**Try it:**
An exact retyping of all lines below is the answer; pictures do not belong in it.

---------- Collected data

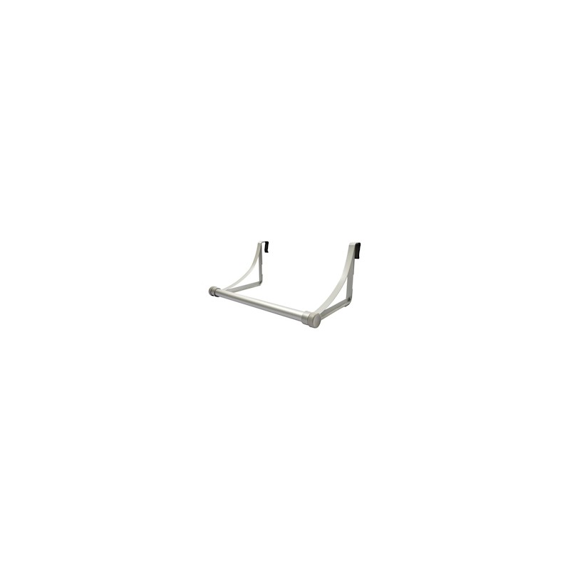 Barra valet Loft, útil para colgar batas, ropa o cualquier prenda y accesorio de uso personal en las puertas. Fabricada en acero resistente con acabado en color plata satinado. Tiene un diseño moderno que la vuelve práctica y elegante, es compatible con cualquier decoración. Sus dimensiones son 48.5 x 30 x 20 cm, con capacidad máxima de carga de 3.6 kg.
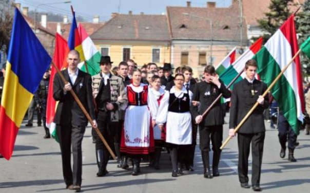 Etnicii maghiari au venit la mars cu steaguri ale Romaniei, Ungariei, Transilvaniei si ale Tinutului Secuiesc.
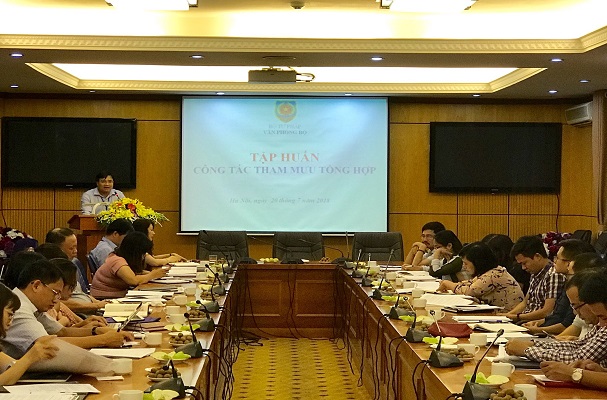 Thực hiện Quyết định số 1492/QĐ-BTP ngày 02/7/2018 của Bộ trưởng Bộ Tư pháp, vừa qua, tại trụ sở Bộ Tư pháp, Văn Phòng Bộ phối hợp với Vụ Tổ chức cán bộ tổ chức lớp bồi dưỡng về công tác tham mưu, tổng hợp năm 2018. Đối tượng tham gia lớp tập huấn là lãnh đạo cấp phòng, chuyên viên thường xuyên thực hiện việc tham mưu cho Thủ trưởng đơn vị thuộc Bộ trong việc trả lời chất vấn của Đại biểu Quốc hội và kiến nghị của cử tri. Đặc biệt lớp tập huấn có mặt đồng chí Nguyễn Bình Khang, Phó Vụ trưởng Vụ Dân nguyện, Văn phòng Quốc hội đã hướng dẫn công tác tiếp nhận, trả lời kiến nghị của cử tri; kỹ năng trả lời kiến nghị của cử tri; các nội dung cần lưu ý trong quá trình thực hiện và thảo luận, giải đáp ý kiến.
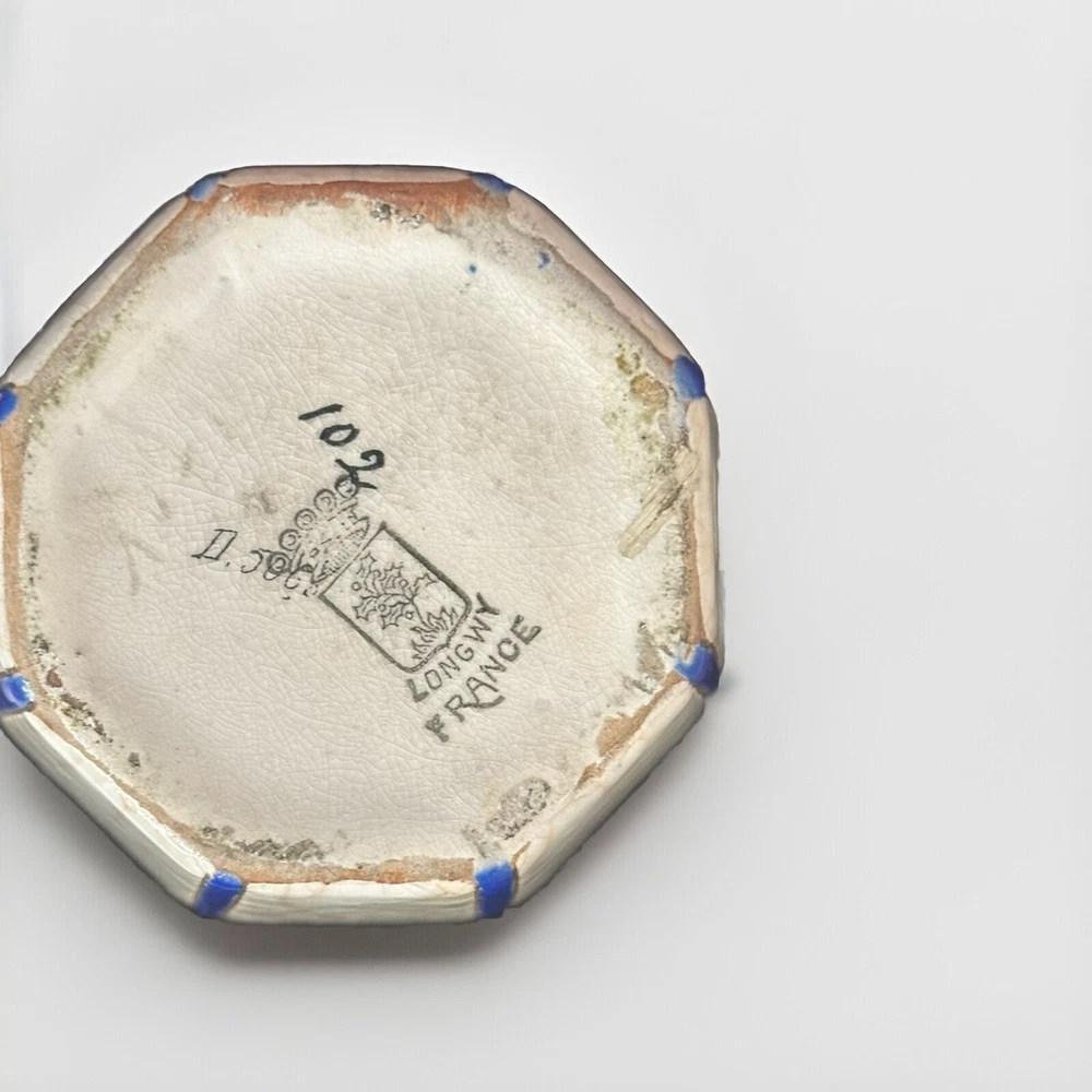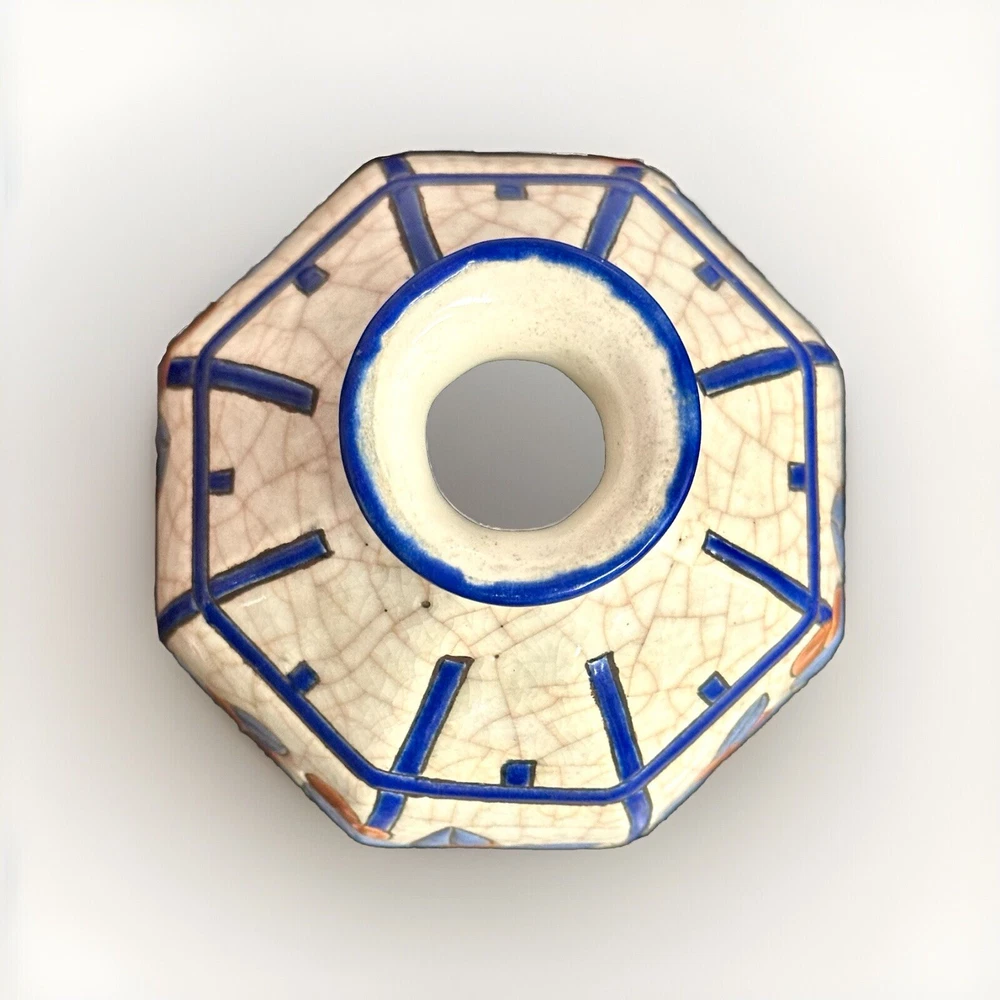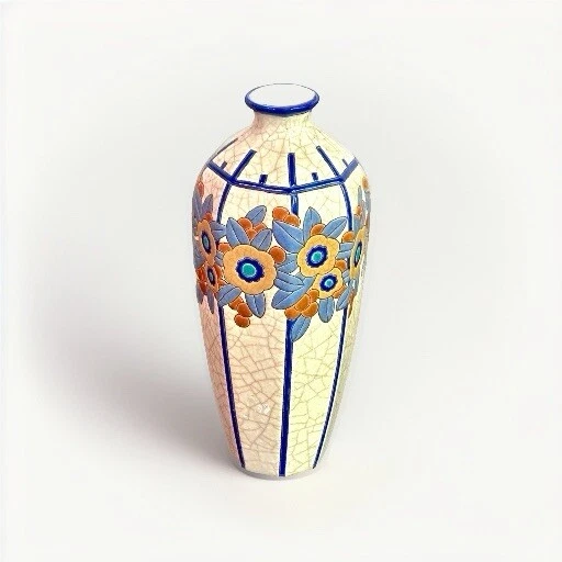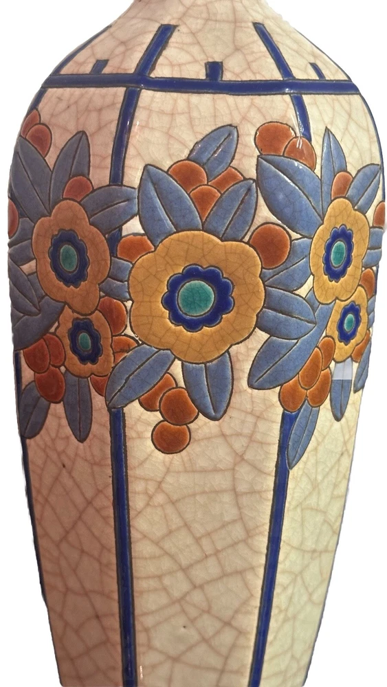 Rare, French Art Deco (c. 1920s-30s vintage) vase from Emaux de Longwy is in excellent condition with no chips, cracks hairlines or repairs. Crafted in France between 1920-1930, this large (11.5” high X 5.25” wide. 2” opening) vase features a glazed finish. The raised, relief design with dusty blue and rust leaves and ochre, deep blue and turquoise flowers set against white crackled background with blue vertical stripes make it a unique piece that will surely catch the eye of collectors.

--------------------

**Your response:**
 Barra valet Loft, útil para colgar batas, ropa o cualquier prenda y accesorio de uso personal en las puertas. Fabricada en acero resistente con acabado en color plata satinado. Tiene un diseño moderno que la vuelve práctica y elegante, es compatible con cualquier decoración. Sus dimensiones son 48.5 x 30 x 20 cm, con capacidad máxima de carga de 3.6 kg.
 Etnicii maghiari au venit la mars cu steaguri ale Romaniei, Ungariei, Transilvaniei si ale Tinutului Secuiesc.
 Thực hiện Quyết định số 1492/QĐ-BTP ngày 02/7/2018 của Bộ trưởng Bộ Tư pháp, vừa qua, tại trụ sở Bộ Tư pháp, Văn Phòng Bộ phối hợp với Vụ Tổ chức cán bộ tổ chức lớp bồi dưỡng về công tác tham mưu, tổng hợp năm 2018. Đối tượng tham gia lớp tập huấn là lãnh đạo cấp phòng, chuyên viên thường xuyên thực hiện việc tham mưu cho Thủ trưởng đơn vị thuộc Bộ trong việc trả lời chất vấn của Đại biểu Quốc hội và kiến nghị của cử tri. Đặc biệt lớp tập huấn có mặt đồng chí Nguyễn Bình Khang, Phó Vụ trưởng Vụ Dân nguyện, Văn phòng Quốc hội đã hướng dẫn công tác tiếp nhận, trả lời kiến nghị của cử tri; kỹ năng trả lời kiến nghị của cử tri; các nội dung cần lưu ý trong quá trình thực hiện và thảo luận, giải đáp ý kiến.
 Rare, French Art Deco (c. 1920s-30s vintage) vase from Emaux de Longwy is in excellent condition with no chips, cracks hairlines or repairs. Crafted in France between 1920-1930, this large (11.5” high X 5.25” wide. 2” opening) vase features a glazed finish. The raised, relief design with dusty blue and rust leaves and ochre, deep blue and turquoise flowers set against white crackled background with blue vertical stripes make it a unique piece that will surely catch the eye of collectors.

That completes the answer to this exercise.